Though Powell has requested the yearbooks be destroyed and reprinted, that would be a challenge, Otott said, as copies were distributed over a week ago, and have already been signed by each other’s peers. But after contacting the yearbook vendor, he added, the school was provided with “replacement text” in sticker form, which will be placed in yearbooks brought in by students in a manner that will be “coordinated at the school level.”

Powell, though, said that the damage had been done. “This is something that my child will live with for the rest of his life,” she told WSBTV. “His high school freshman yearbook has him labeled as a freak.”

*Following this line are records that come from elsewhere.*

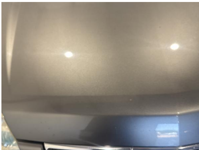
1: Bonnet Chipped 1 To 5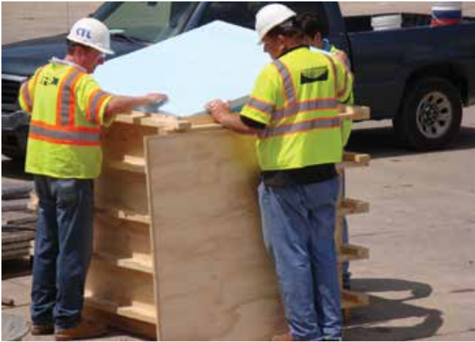
Fig. 3: After the form was filled with concrete, the top surface of the test cube was covered with three layers of 2 in. (50 mm) extruded polystyrene board insulation. The joints in the layers were staggered to prevent convective heat transfer or infiltration (refer to Fig. 1)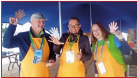
The services given by the people of the Focolare Movement were varied.

«Croke Park that Saturday evening was sensational! an Irish couple commented. Pope Francis arrived as they were singing that there is a crack in everything, but it is there that the light can enter. We remembered Jesus Forsaken present in this “dark night” of the family and of the Church, but the Holy Spirit always finds a way to let the Light enter». «Pope Francis with his beautiful smile, so full of love and compassion – added a father – brought us all to God. His words were just right and could be understood by everyone! I liked it when he said: “no one says that family life is easy. It is like preparing tea: it is easy to boil water, but a good cup of tea requires time and patience to steep! And it is in this way that everyday Jesus warms us with his love and penetrates our entire being...».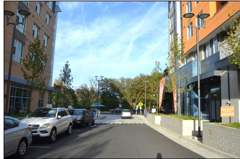
Private Street Berkeley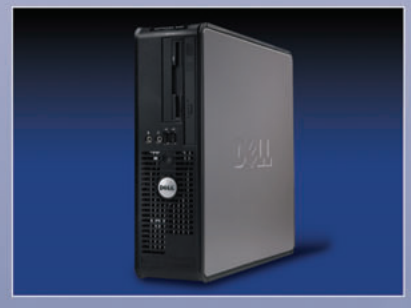
DELL Optiplex 760 Small Factor Custom Configuration Warranty 3 Years Next Business Day

She added, “He’s my son that I think the world of, and he is in no way any kind of freak. He has the biggest heart of any 16-year-old child I know.”

Powell is right to speak out and demand the yearbooks be reprinted, says Ross Ellis, CEO of STOMP Out Bullying, an educational advocacy campaign for kids. "Her kid is going to go through life with this," she told Yahoo! Shine, and putting stickers over the word "is not enough."

Though Ellis would not exactly call the incident bullying, which she defines as "consistent harassment," this kind of prank can be hurtful. "It's not a joke," she says.  

Worthen, for his part, seems to be taking it all in stride. “I’m just going to act like it never happened,” he said. “If anyone says something to me, I’m going to ignore it.”